Записки на фантиках от конфет или жаль угробить экспириенс из-за склероза :-): File Server

Tips and Recommendations for Storage Server Tuning

Here are some tips and recommendations on how to improve the performance of your storage servers. As usual, the optimal settings depend on your particular hardware and usage scenarios, so you should use these settings only as a starting point for your tuning efforts.

Note: Some of the settings suggested here are non-persistent and will be reverted after the next reboot. To keep them permanently, you could add the corresponding commands to `/etc/rc.local`, use `/etc/sysctl.conf` or create `udev` rules to reapply them automatically when the machine boots.

Partition Alignment & RAID Settings of Local File System

To get the maximum performance out of your RAID arrays and SSDs, it is important to set the partition offset according to the native alignment. See here for a walk-through about partition alignment and creation of a RAID-optimized local file system: Partition Alignment Guide

A very simple and commonly used method to achieve alignment without the challenges of partition alignment is to completely avoid partitioning and instead create the file system directly on the device, e.g.:

$ mkfs.xfs /dev/sdX

Storage Server Throughput Tuning

In general, BeeGFS can be used with any of the standard Linux file systems.

Using XFS for your storage server data partition is generally recommended, because it scales very well for RAID arrays and typically delivers a higher sustained write throughput on fast storage, compared to alternative file systems. (There also have been significant improvements of ext4 streaming performance in recent Linux kernel versions).

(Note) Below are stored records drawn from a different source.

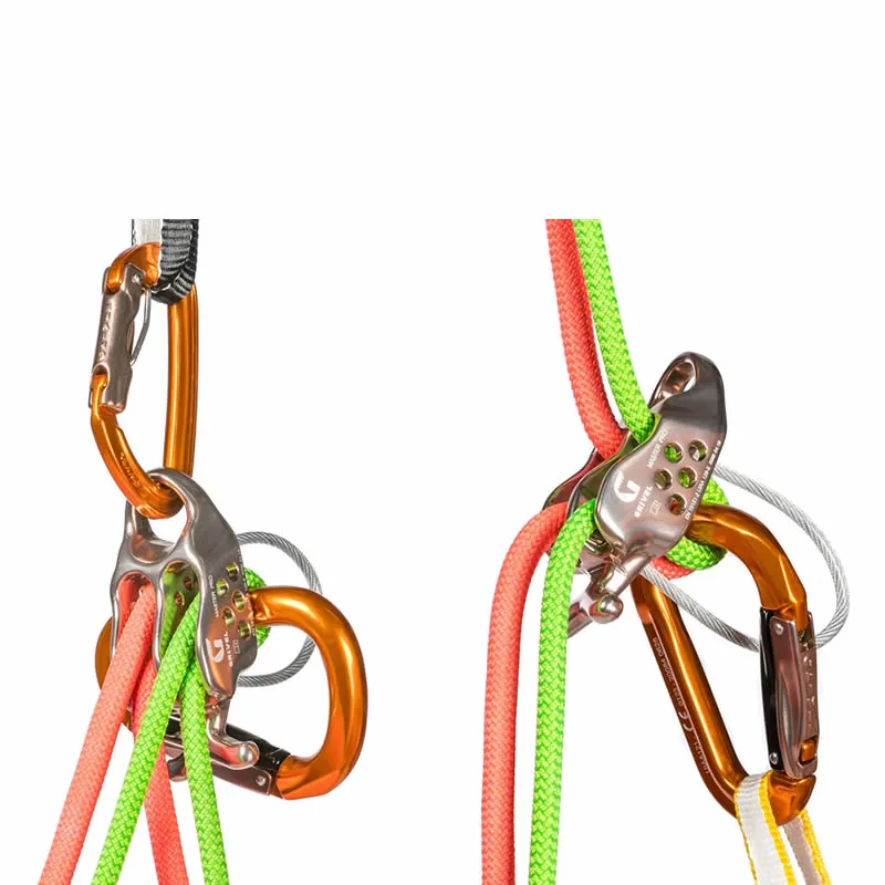 Master Pro fue creado para asegurar y hacer rappel. Es una herramienta versátil, dinámica y confiable para minimizar la fuerza transmitida a los anclajes, el aseguramiento y el desgaste con el tiempo de la cuerda. También se puede utilizar en modo guía como placa autobloqueante, para asegurar un segundo. Los dos "cuernos" que se colocan en uno de los dos extremos tienen dos funciones principales:
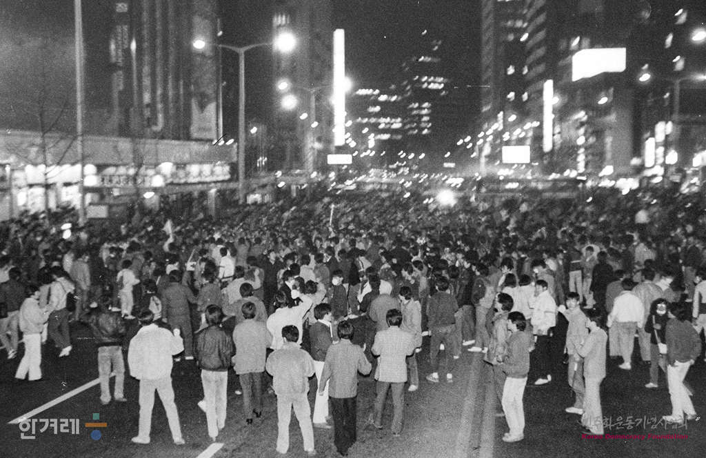 - 1988년 11월 19일 전두환 이순자씨의 구속처벌을 요구하는 국민궐기대회가 서울 대학로를 비롯한 전국 18개 도시에서 시민 학생 노동자 등 모두 3만여 명이 참가한 가운데 열려 시민과 경찰의 충돌을 빚었다. 서울 대학로에서 대회를 마친 참석자들은 행진에 나서 명동입구에서 거리시위를 벌이고 있다. .
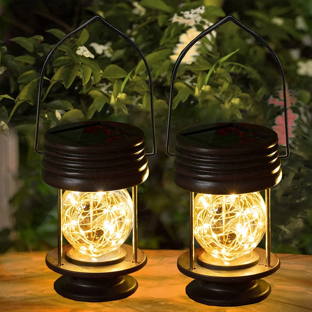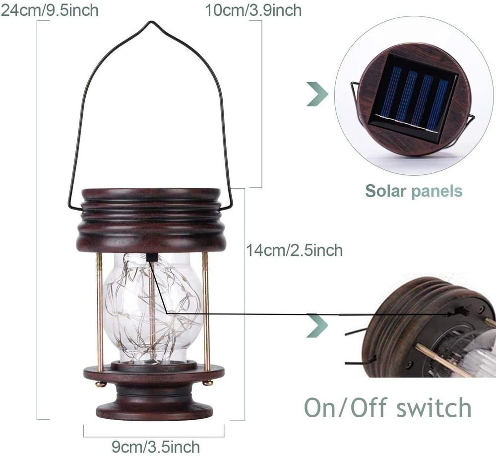【Upgrade Vintage Lantern】- Combined with traditional vintage tabletop lantern & fashion 20 led string lights. The lantern looks like putting the starry sky into a crystal ball at night 【Solar Powered Lanterns】- No wiring required, automatically lighting from dusk and off at dawn. The solar powered lantern gives you the flexibility to hang them anywhere without the need for an electrical outlet, which makes them great for places where power is not readily available 【Waterproof Solar Lantern】- IP44 waterproof , withstand all kinds of weather, without worrying about rain, snow, frost or sleet, suitable for outdoor use, allowing you not to worry about the ambiance of your outdoor area effortlessly from where you are 【Easy Charging& Using 】- Please make sure the button "ON" before using and charging. Measures 5.5 inches, but working time up to 8 hours. Small size and light weight, easy for you to carry and use on the go. 【Versitile Decorative Lantern 】- This solar lantern can be placed on ground used as an table lamp, or hung in somewhere as a hanging decor light, patio umbrella light, porch light etc. It's a perfect decoration to your patio, courtyard or garden

However, the default Linux kernel settings are rather optimized for single disk scenarios with low IO concurrency, so there are various settings that need to be tuned to get the maximum performance out of your storage servers.

Formatting Options

Make sure to enable RAID optimizations of the underlying file system, as described in the last section here: Create RAID-optimized File System

While BeeGFS uses dedicated metadata servers to manage global metadata, the metadata performance of the underlying file system on storage servers still matters for operations like file creates, deletes, small reads/writes, etc. Recent versions of XFS (similar work in progress for ext4) allow inlining of data into inodes to avoid the need for additional blocks and the corresponding expensive extra disk seeks for directories. In order to use this efficiently, the inode size should be increased to 512 bytes or larger.

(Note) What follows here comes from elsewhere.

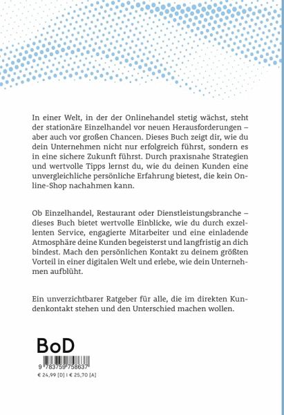 Die Zukunft gehört denen, die Service neu denken. Erfolg beginnt beim Menschen, bei Kund*innen, Mitarbeitenden und der gelebten Servicekultur. Dieses Buch zeigt, wie du mit exzellentem Service, klarer Führung und einer motivierenden Unternehmenskultur den Unterschied machst. Ob Einzelhandel, Gastronomie oder Dienstleistungsbetrieb: Überall entscheidet heute das Kundenerlebnis über den Erfolg. Der Autor vermittelt praxisnahe Strategien, um Kundenzufriedenheit, Mitarbeitermotivation und Unternehmensziele in Einklang zu bringen. Dabei geht es nicht um kurzfristige Maßnahmen, sondern um…mehr
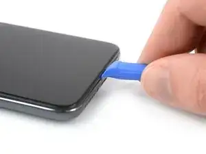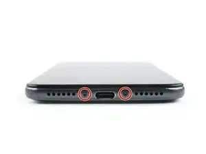 Удалите два винта Torx T3 длиной 2,7 мм с нижнего края телефона.

Example: mkfs for XFS with larger inodes on 8 disks (where the number 8 does not include the number of RAID-5 or RAID-6 parity disks) and 128KB chunk size:

$ mkfs.xfs -d su=128k,sw=8 -l version=2,su=128k -isize=512 /dev/sdX

Mount Options
Enabling last file access time is inefficient, because 
it means that the file system needs to update the timestamp by writing 
data to the disk even though the user only actually read file contents 
or even when the file contents were already cached in memory and 
actually no disk access would have been necessary at all. (Note: Recent 
Linux kernels have switched to a new "relative atime" mode, so setting noatime might not be necessary in these cases.)

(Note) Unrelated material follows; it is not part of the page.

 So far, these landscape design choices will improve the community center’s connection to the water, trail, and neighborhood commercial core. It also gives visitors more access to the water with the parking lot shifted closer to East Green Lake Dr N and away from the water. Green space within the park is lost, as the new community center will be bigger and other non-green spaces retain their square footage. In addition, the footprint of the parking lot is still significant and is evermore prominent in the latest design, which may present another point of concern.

If your users don't need last access times, you should disable them by adding "noatime" to your mount options.

Increasing the number of log buffers and their size by adding logbufs and logbsize mount options allows XFS to generally handle and enqueue pending file and directory operations more efficiently.

There are also several mount options for XFS that are intended to further optimize streaming performance on RAID storage, such as largeio, inode64, and swalloc.

If you are using XFS and want to go for optimal streaming write throughput, you might also want to add the mount option allocsize=131072k to reduce the risk of fragmentation for large files.

If your RAID controller has a battery-backup-unit (BBU), adding the mount option nobarrier for XFS or ext4 can significantly increase throughput.

Example: Typical XFS mount options for an BeeGFS storage server with a RAID controller battery:

$ mount -onoatime,nodiratime,logbufs=8,logbsize=256k,largeio,inode64,swalloc,allocsize=131072k,nobarrier /dev/sdX <mountpoint>

IO Scheduler

First, set an appropriate IO scheduler for file servers:

$ echo deadline > /sys/block/sdX/queue/scheduler

Now give the IO scheduler more flexibility by increasing the number of schedulable requests:

$ echo 4096 > /sys/block/sdX/queue/nr_requests

To improve throughput for sequential reads, increase the maximum amount of read-ahead data. The actual amount of read-ahead is adaptive, so using a high value here won't harm performance for small random access.

$ echo 4096 > /sys/block/sdX/queue/read_ahead_kb

Virtual memory settings

To avoid long IO stalls (latencies) for write cache flushing in a production environment with very different workloads, you will typically want to limit the kernel dirty (write) cache size:

$ echo 5 > /proc/sys/vm/dirty_background_ratio

$ echo 10 > /proc/sys/vm/dirty_ratio

Only for special use-cases: If you are going for 
optimial sustained streaming performance, you may instead want to use 
different settings that start asynchronous writes of data very early and
 allow the major part of the RAM to be used for write caching. (For 
generic use-cases, use the settings described above, instead.)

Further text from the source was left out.